Cell culture of blood lymphocytes. To enable the expression of bovine leukaemia virus gp51 antigen, blood cells of BLV-positive and BLV-negative animals were grown in short-term cell cultures. Briefly, blood samples were layered on a 1.077 g/mL Histopaque gradient and centrifuged for 30 min at 600 × g at 4°C. Cells were harvested from the interphase and after three washings were counted and suspended at a concentration of 1 × 10⁶ cells/mL in Roswell Park Memorial Institute 1640 medium supplemented with 10% heat-inactivated foetal calf serum and Antibiotic-Antimycotic Solution for cell culture containing 10,000 U penicillin, 10 mg streptomycin and 25 μg of amphotericin B per mL (Sigma-Aldrich, St. Louis, MO, USA). Concanavalin A (Con A; Sigma-Aldrich) was added to the medium at a concentration of 5 μg/mL. Cells were cultured in plastic Petri dishes for 48 h at 37°C and in an atmosphere of 5% CO₂. After incubation, the cell pellet was tested by flow cytometry and immunofluorescence (IF).

Preparation of cells from milk. Milk samples were centrifuged for 30 min at 700 × g at 4°C, the supernatant was discarded and the cell pellet was placed in 5 mL of phosphate-buffered saline (PBS). This procedure was performed twice, then the cells of the pellet were mixed in 1 mL of PBS and layered on 3 mL of a 1.080 density gradient composed of 24 parts 11.6% Ficoll 400 and 10 parts 30% Uropoline. The samples were centrifuged for 50 min at 900 × g at 4°C, then the cells from the interphase were collected and after three washings in PBS were cultivated in vitro under the same conditions as the blood lymphocytes. The cells were then harvested and analysed in a flow cytometer and by immunofluorescence.

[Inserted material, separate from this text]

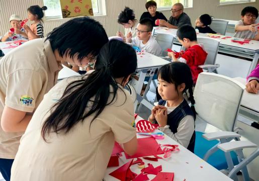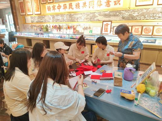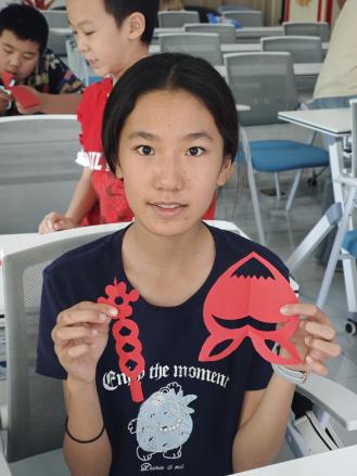 小朋友们投身剪纸绘制,红纸在指尖翻转、剪刀灵动游走,剪出灵动图案。从简单纹样到创意造型,他们在实践中体悟剪纸“千刻不落、万剪不断”的技艺精髓,感受非遗传承的匠心。每一张剪纸作品,都是童心与非遗的对话,让剪纸这一古老技艺,在新一代手中延续活力,以纯真视角传承文化根脉。
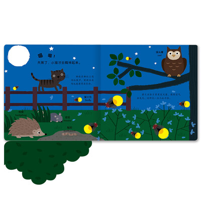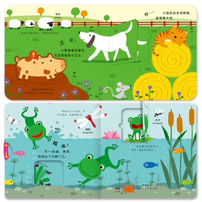 书中的重点词汇标记上英文,让宝宝进行双语学习。机关设计非常丰富,能够让图画动起来,吸引宝宝注意力。

Flow cytometry analysis. Lymphocyte subpopulations were analysed using the dual-staining method and a panel of monoclonal antibodies (MAbs) (VMRD, Pullman, WA, USA), and fluorescein isothiocyanate (FITC) or phycoerythrin (PE) labelled conjugates (Medac, Wedel, Germany). Monoclonal mouse anti-bovine antibodies detecting bovine CD19+, CD4+, CD8+, CD19+ immunoglobulin M (IgM) and gp51 of BLV were used. Briefly, for FACS analysis, 50 μL of lymphocytes was incubated for 30 min at room temperature with 1 μL of primary MAbs, washed and then incubated for 30 min with goat anti-mouse immunoglobulin G (IgG + IgM) FITC-labelled conjugate in darkness. After washing, the cells were coupled with the secondary MAbs and incubated as previously. Next, the cell solution was washed, goat anti-mouse (IgG + IgM) PE-labelled conjugate was added and the cells were incubated again. Red blood cells were lysed in FACS Lysing Buffer (Becton Dickinson, Franklin Lakes, NJ, USA). The cells were washed, fixed in a buffer containing formaldehyde and analysed in a FACSCalibur flow cytometer (Becton Dickinson) with an argon excitation source. Percentages of B and T cells were determined by Simulset and Lysys software (both from Becton Dickinson).

Immunofluorescence. Smears of cultured lymphocytes were air dried and fixed in cold acetone for 10 min at 4°C. Mouse anti-gp51 of BLV MAb (VMRD) diluted 1:100 was dropped onto the slides and these were incubated for 30 min at 4°C in a humid atmosphere in darkness. After three washings, the slides were covered with FITC-labelled goat anti-mouse immunoglobulin heavy and light chains monoclonal antibody diluted to 1:300 and incubated as mentioned above. Then the slides were washed, buffered glycerol was dropped onto them and immunofluorescence was analysed in a fluorescence microscope (Olympus Life Science, Tokyo, Japan).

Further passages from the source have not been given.